**How to complete this task:** Your answer must be the lines of the material below, exactly as written, from its first line through the line with "11월 마지막 날인 30일", and no pictures.

**Supplied material:**
☆ ☆ ☆

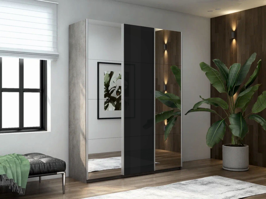 Отзывы о Столплит Шкаф-купе Прайм 3-х дверный Зеркала/Стекло черное/Доводчики 180х57х230 бетон
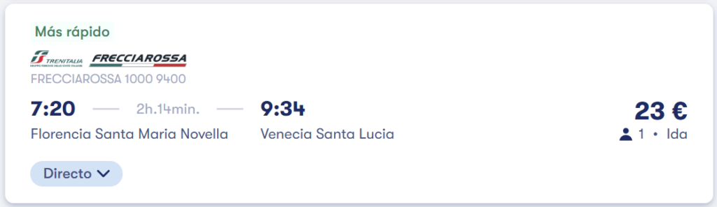🚂 Tren directo de Florencia a la Isla de Venecia
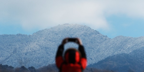 11월 마지막 날인 30일 경남 함양군 마천면 뇌전마을에서 바라 본 지리산 천왕봉이 상고대로 덮여 있다. (사진=함양군 제공)
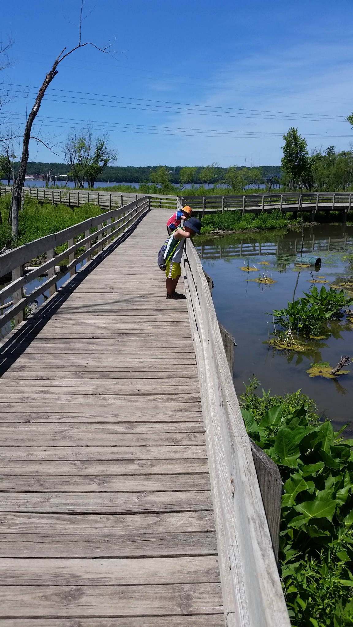 We came upon a wooden walkway where we saw huge dragonflies chasing each other and flittering from reed to reed.

☆ ☆ ☆

**Result for this exercise:**
 Отзывы о Столплит Шкаф-купе Прайм 3-х дверный Зеркала/Стекло черное/Доводчики 180х57х230 бетон
🚂 Tren directo de Florencia a la Isla de Venecia
 11월 마지막 날인 30일 경남 함양군 마천면 뇌전마을에서 바라 본 지리산 천왕봉이 상고대로 덮여 있다. (사진=함양군 제공)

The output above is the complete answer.